▶ Assignment:
Given the material below, output exactly the lines from the line with "PCA Los Angeles" to the line with "Body camasa cu", both ends included, and no other lines.

#### Records shown ####

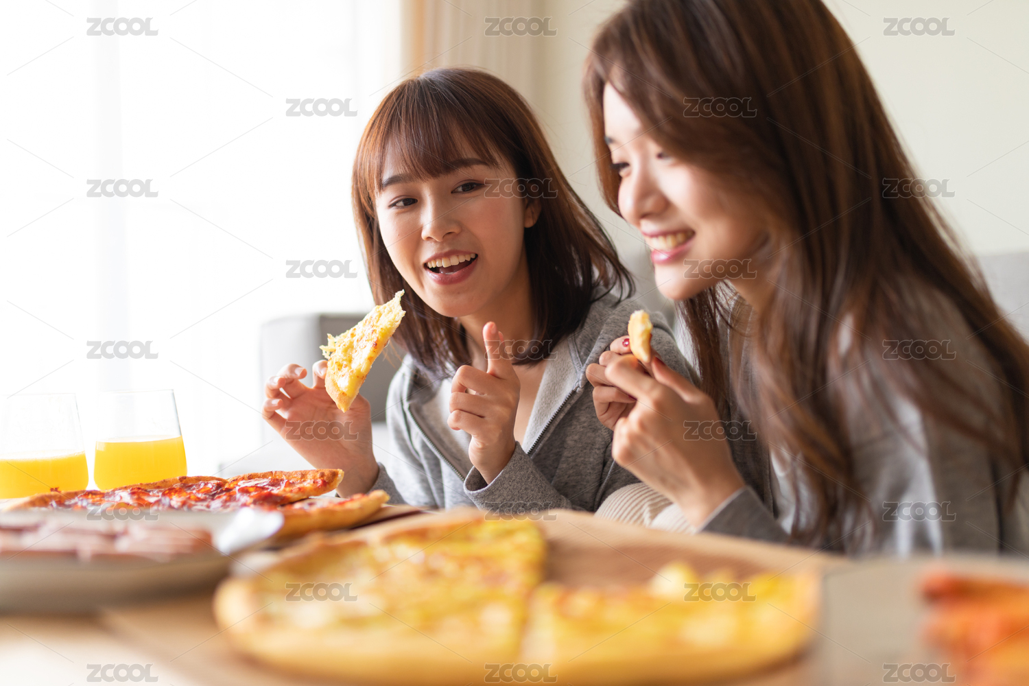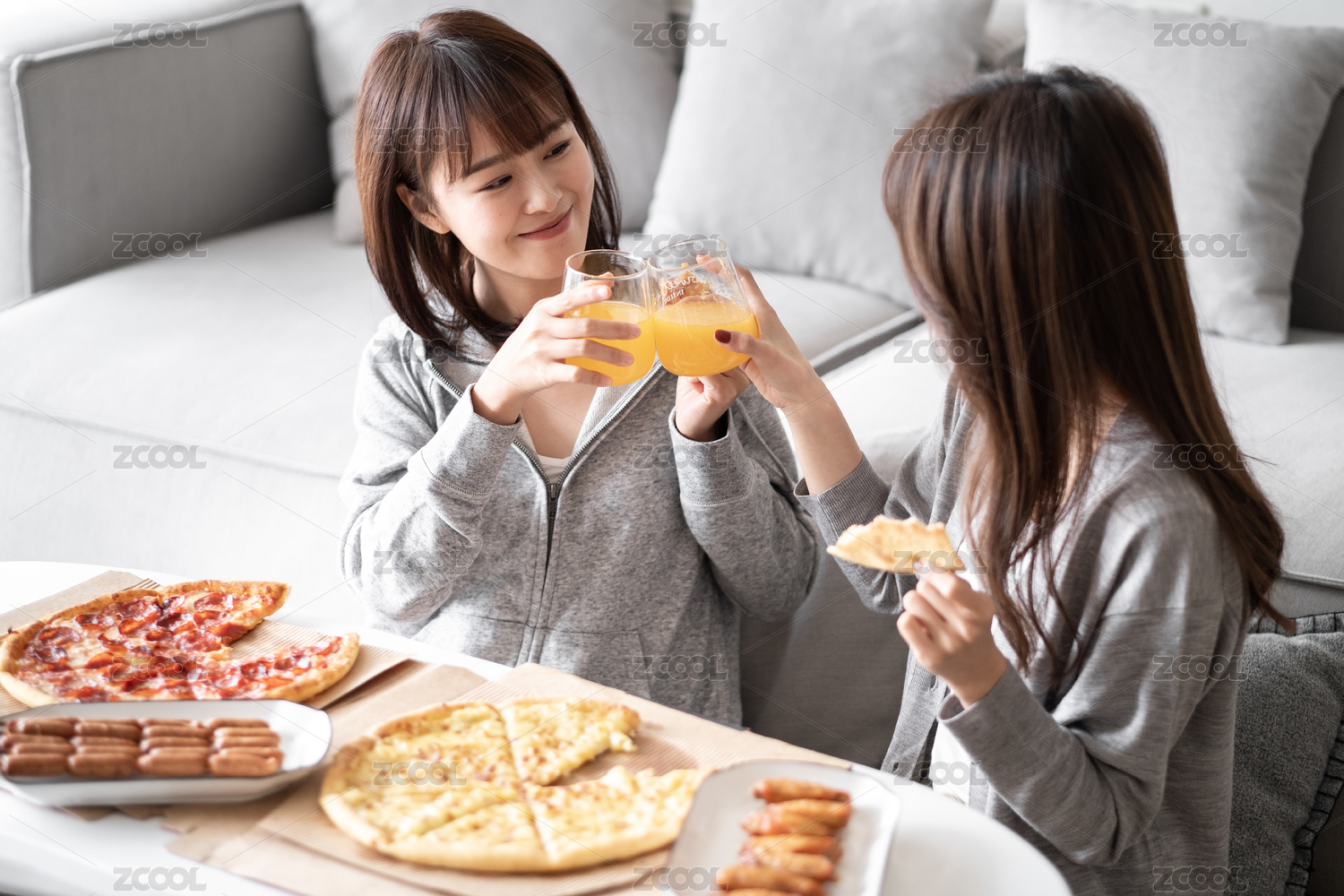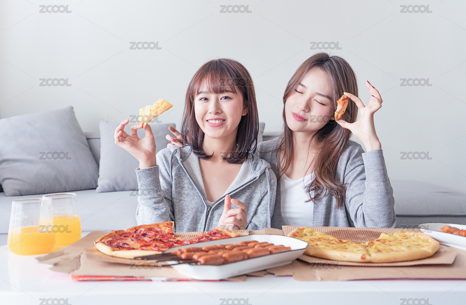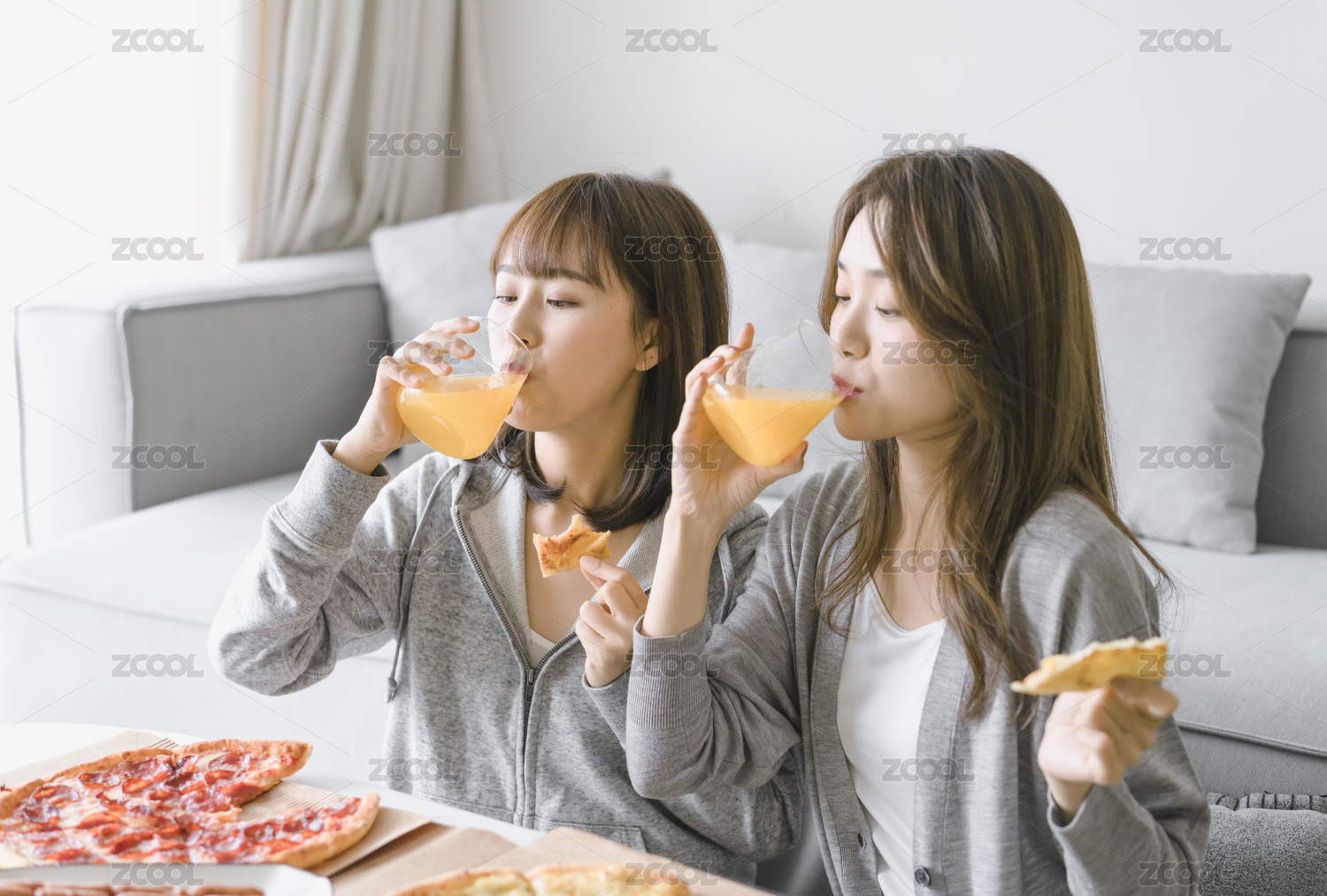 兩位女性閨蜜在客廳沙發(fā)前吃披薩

####
#### Records shown ####

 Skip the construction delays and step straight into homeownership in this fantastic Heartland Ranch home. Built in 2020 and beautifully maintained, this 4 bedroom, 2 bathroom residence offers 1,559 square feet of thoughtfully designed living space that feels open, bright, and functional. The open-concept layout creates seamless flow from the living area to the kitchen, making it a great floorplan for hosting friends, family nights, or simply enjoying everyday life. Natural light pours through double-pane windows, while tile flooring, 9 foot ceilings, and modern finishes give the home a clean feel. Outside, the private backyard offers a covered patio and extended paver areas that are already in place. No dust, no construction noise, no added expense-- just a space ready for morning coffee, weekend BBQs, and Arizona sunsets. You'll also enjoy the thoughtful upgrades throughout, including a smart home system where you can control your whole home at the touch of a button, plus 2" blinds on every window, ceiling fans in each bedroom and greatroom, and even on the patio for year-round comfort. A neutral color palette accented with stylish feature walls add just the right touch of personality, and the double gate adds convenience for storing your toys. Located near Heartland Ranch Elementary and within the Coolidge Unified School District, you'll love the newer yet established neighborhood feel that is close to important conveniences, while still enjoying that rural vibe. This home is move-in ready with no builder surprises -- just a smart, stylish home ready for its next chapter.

####
#### Records shown ####

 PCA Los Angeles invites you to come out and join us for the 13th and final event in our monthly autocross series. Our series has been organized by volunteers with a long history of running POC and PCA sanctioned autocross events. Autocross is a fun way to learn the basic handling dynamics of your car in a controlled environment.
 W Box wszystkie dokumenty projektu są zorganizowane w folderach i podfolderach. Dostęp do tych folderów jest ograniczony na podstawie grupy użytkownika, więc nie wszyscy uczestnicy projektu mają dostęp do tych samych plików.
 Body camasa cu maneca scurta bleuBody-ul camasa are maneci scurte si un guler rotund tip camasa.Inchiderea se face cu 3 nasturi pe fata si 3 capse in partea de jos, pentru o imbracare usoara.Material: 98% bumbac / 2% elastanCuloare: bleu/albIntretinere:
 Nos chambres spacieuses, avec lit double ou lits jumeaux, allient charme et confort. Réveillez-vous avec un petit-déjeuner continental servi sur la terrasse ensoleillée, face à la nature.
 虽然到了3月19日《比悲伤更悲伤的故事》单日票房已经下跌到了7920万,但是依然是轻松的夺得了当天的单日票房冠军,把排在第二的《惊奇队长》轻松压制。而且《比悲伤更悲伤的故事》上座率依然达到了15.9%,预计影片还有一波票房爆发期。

####

▶ Answer box:
 PCA Los Angeles invites you to come out and join us for the 13th and final event in our monthly autocross series. Our series has been organized by volunteers with a long history of running POC and PCA sanctioned autocross events. Autocross is a fun way to learn the basic handling dynamics of your car in a controlled environment.
 W Box wszystkie dokumenty projektu są zorganizowane w folderach i podfolderach. Dostęp do tych folderów jest ograniczony na podstawie grupy użytkownika, więc nie wszyscy uczestnicy projektu mają dostęp do tych samych plików.
 Body camasa cu maneca scurta bleuBody-ul camasa are maneci scurte si un guler rotund tip camasa.Inchiderea se face cu 3 nasturi pe fata si 3 capse in partea de jos, pentru o imbracare usoara.Material: 98% bumbac / 2% elastanCuloare: bleu/albIntretinere:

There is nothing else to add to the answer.